M.S. Data Science & Analytics, Georgetown (Dec 2026). B.S. Data Science and Business, Chapman (2025). Most recently a data analyst on the Enterprise Alignment team at Mission Support and Test Services, supporting NNSA missions at the Nevada National Security Site. U.S. citizen, clearance-eligible.
Selected work
Curriculum learning for dental disease detection
DENTEX 2023 panoramic X-rays. YOLOv8m segmentation. Three-stage curriculum (quadrant, tooth, disease) tested against a matched single-stage baseline.
mAP@0.5 of 0.394 for the curriculum versus 0.417 for the baseline. The schedule didn’t help. Class imbalance was the binding constraint.
Predictive modeling of U.S. oral health outcomes
NHANES 2017–2018, n = 5,265. Logistic regression, random forest, and XGBoost under 5-fold cross-validation.

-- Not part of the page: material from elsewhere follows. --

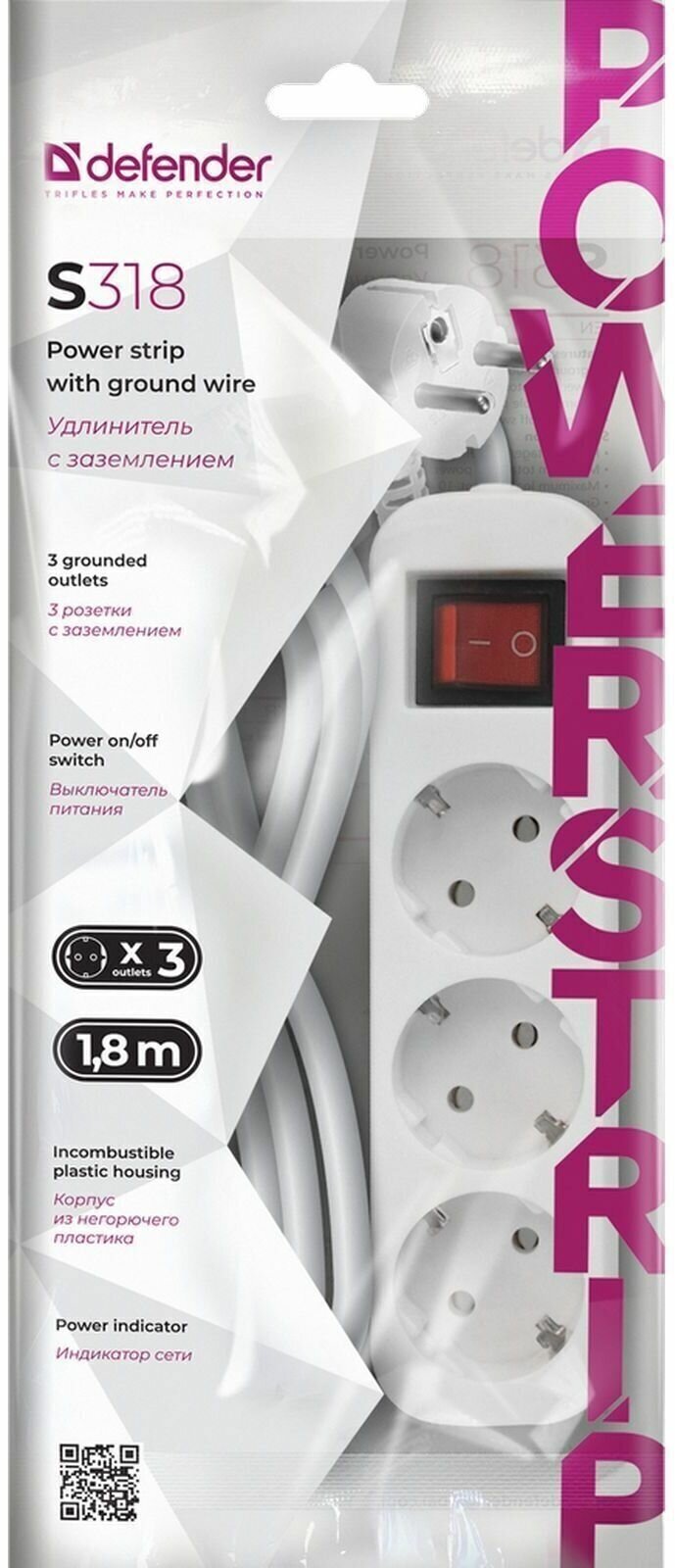 Удлинитель Defender S318 1.8 метра 3 розетки с заземлением выключатель, белый

ROC-AUC of 0.849. A two-stage regression on socioeconomic predictors alone reduced DMFT MAE by 33%.
Residential electricity demand forecasting
NYC residential load. DSGrid demand profiles joined to ERA5 weather via Open-Meteo.
Supervised baselines (ridge, gradient boosting). Residual structure explored with PCA, t-SNE, K-means, DBSCAN, and hierarchical clustering.
Geospatial crime pattern analysis
Pandas, GeoPandas, and scikit-learn pipeline.
Normalization, K-means clustering, and choropleth visualization of urban incident density against residential and commercial zoning.